→ Recorded data
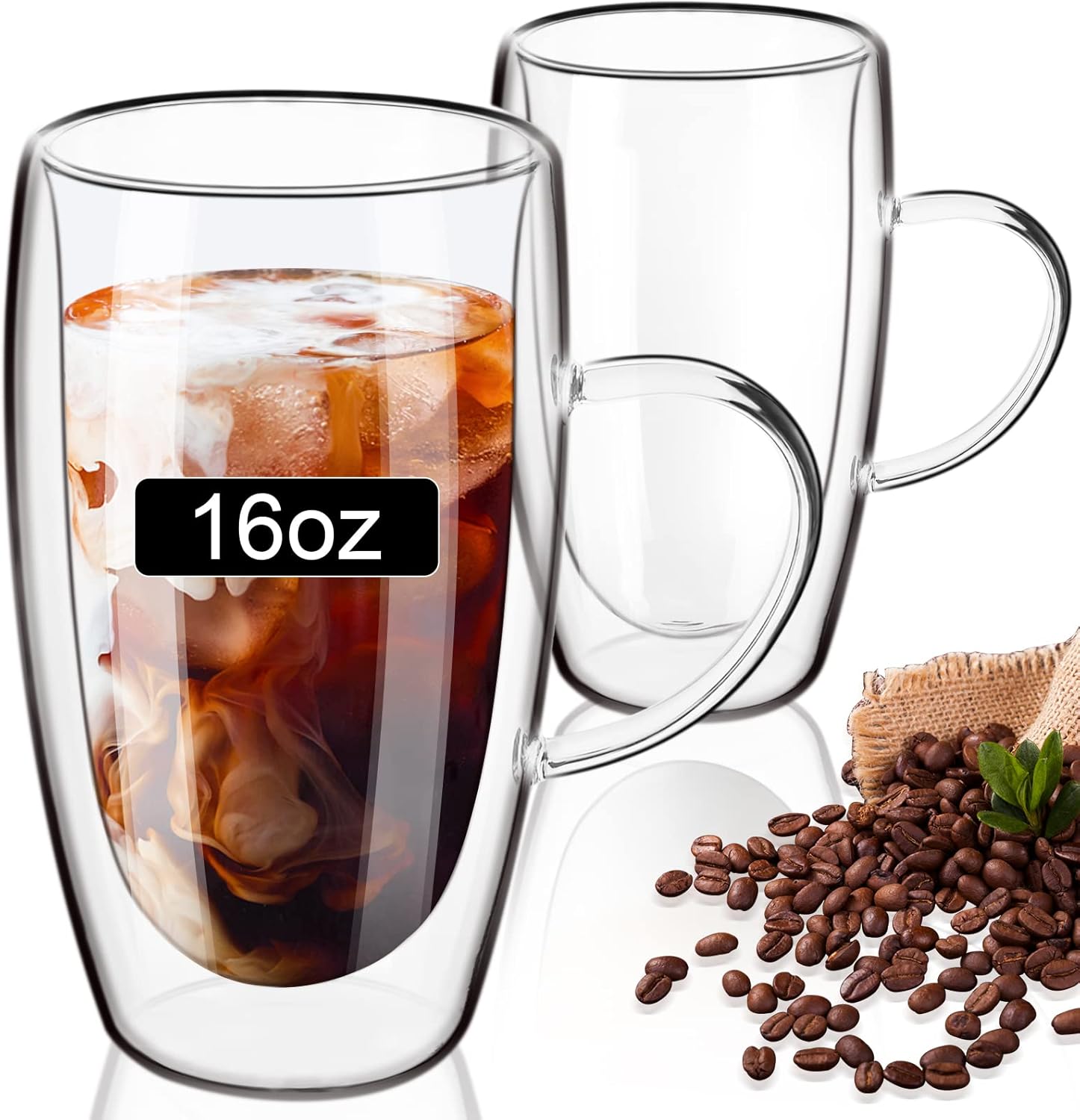 ParaCity Cappuccino Tassen 2er Set, 470ml Latte Macchiato Gläser, Doppelwandige Gläser mit Henkel, Espressotassen aus Borosilikatglas, Kaffeegläser für Spü
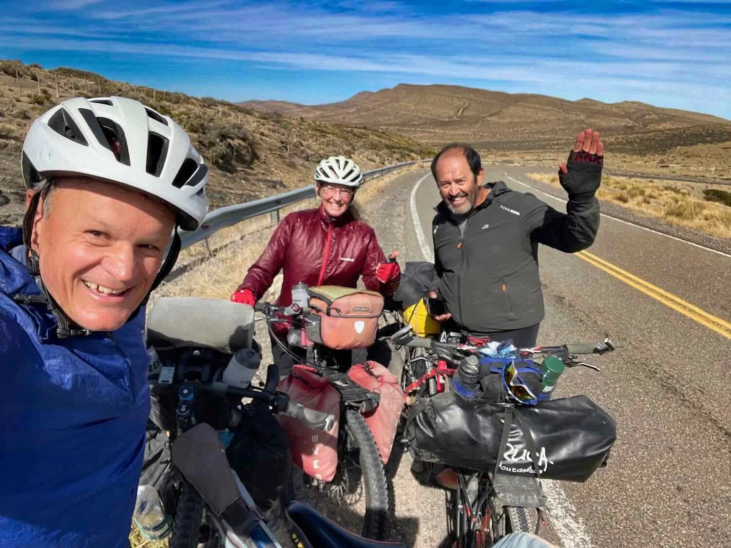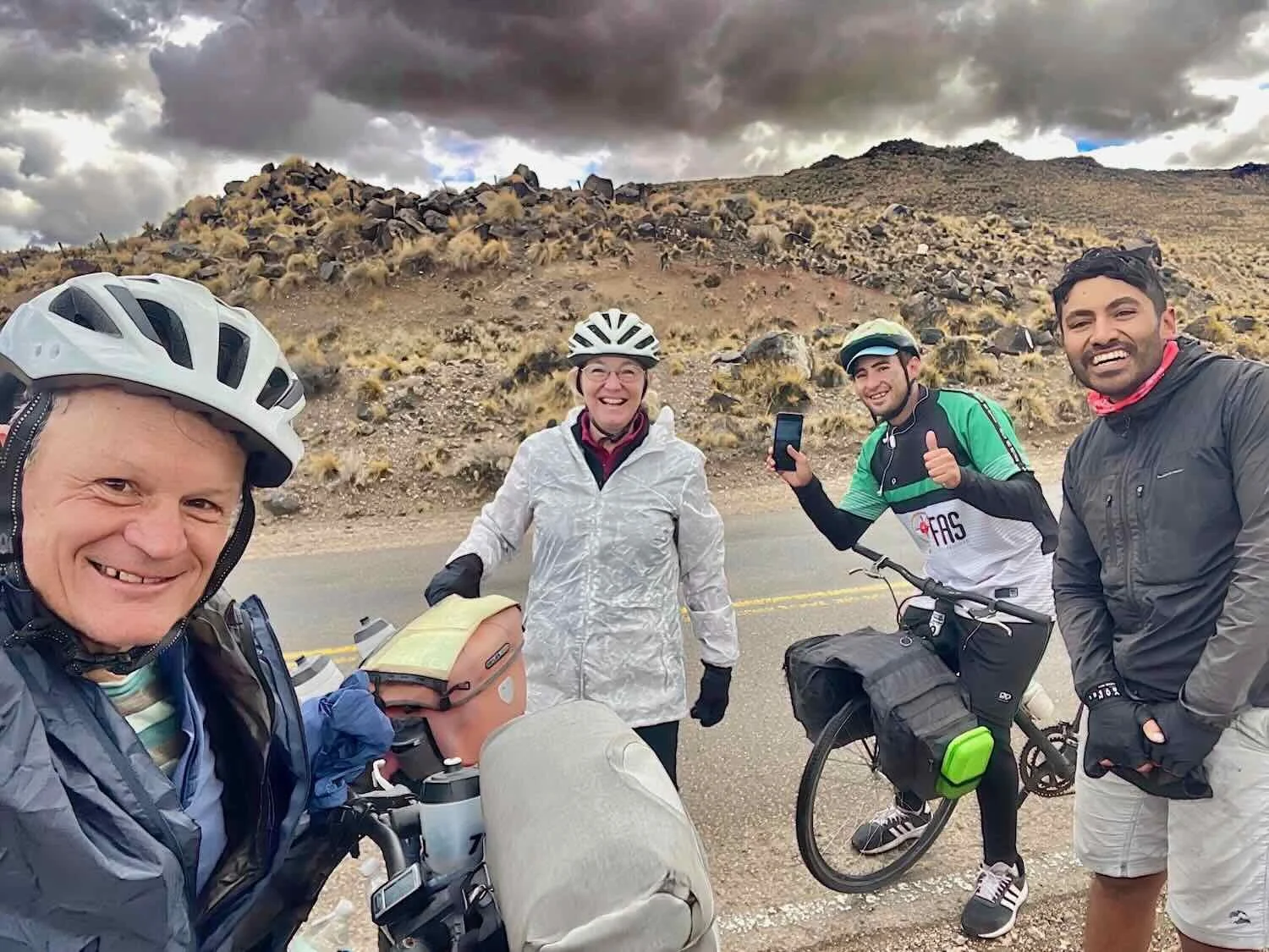 A quick, roadside visit with Daniel (from Argentina) and Ernesto (from Chile). Their boisterous energy was infectious. We were impressed that they were dressed light (note Ernesto’s shorts), while we were wearing multiple warm layers against the cold, damp air. Route 40, South of Zapala, Neuquén, Argentina. Copyright © 2019-2025 Pedals and Puffins.
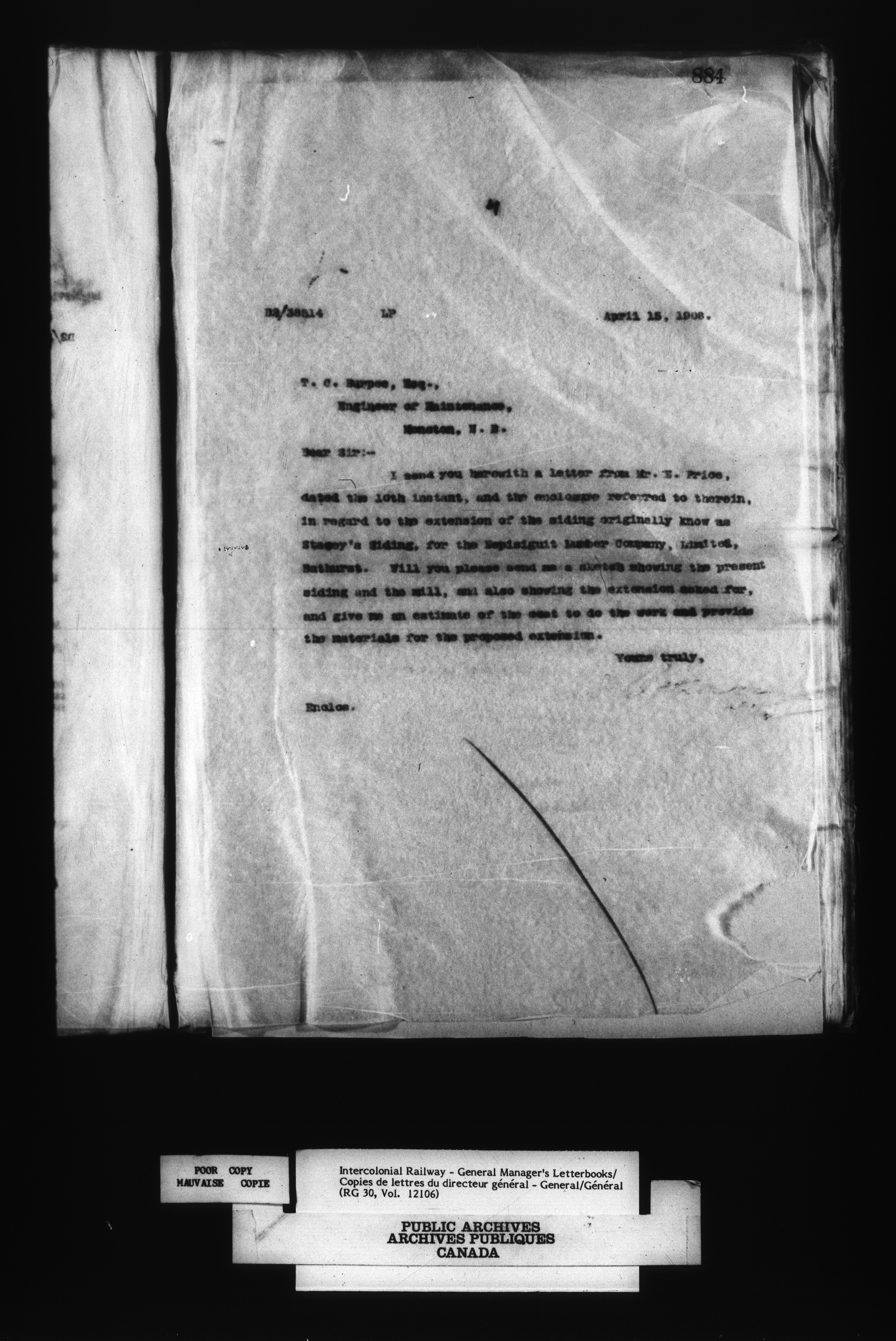 Canadian Government Railways : Office of the General Manager, Outward correspondence - 12445
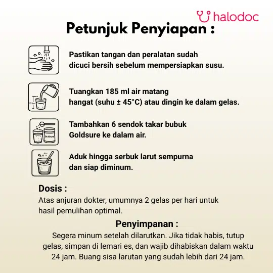 Untuk menyiapkan 1 sajian (230 ml), tuangkan 185 ml air matang dingin atau hangat ke dalam gelas. Secara bertahap tambahkan 6 sendok takar (rata) bubuk Goldsure sambil diaduk hingga larut.
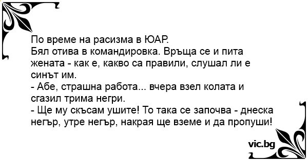 - Абе, страшна работа... вчера взел колата и сгазил трима негри.

→ WORK TASK
Only the records, copied exactly and without pictures, should make up the answer.

→ RESULT OF THE TASK
 ParaCity Cappuccino Tassen 2er Set, 470ml Latte Macchiato Gläser, Doppelwandige Gläser mit Henkel, Espressotassen aus Borosilikatglas, Kaffeegläser für Spü
 A quick, roadside visit with Daniel (from Argentina) and Ernesto (from Chile). Their boisterous energy was infectious. We were impressed that they were dressed light (note Ernesto’s shorts), while we were wearing multiple warm layers against the cold, damp air. Route 40, South of Zapala, Neuquén, Argentina. Copyright © 2019-2025 Pedals and Puffins.
 Canadian Government Railways : Office of the General Manager, Outward correspondence - 12445
 Untuk menyiapkan 1 sajian (230 ml), tuangkan 185 ml air matang dingin atau hangat ke dalam gelas. Secara bertahap tambahkan 6 sendok takar (rata) bubuk Goldsure sambil diaduk hingga larut.
 - Абе, страшна работа... вчера взел колата и сгазил трима негри.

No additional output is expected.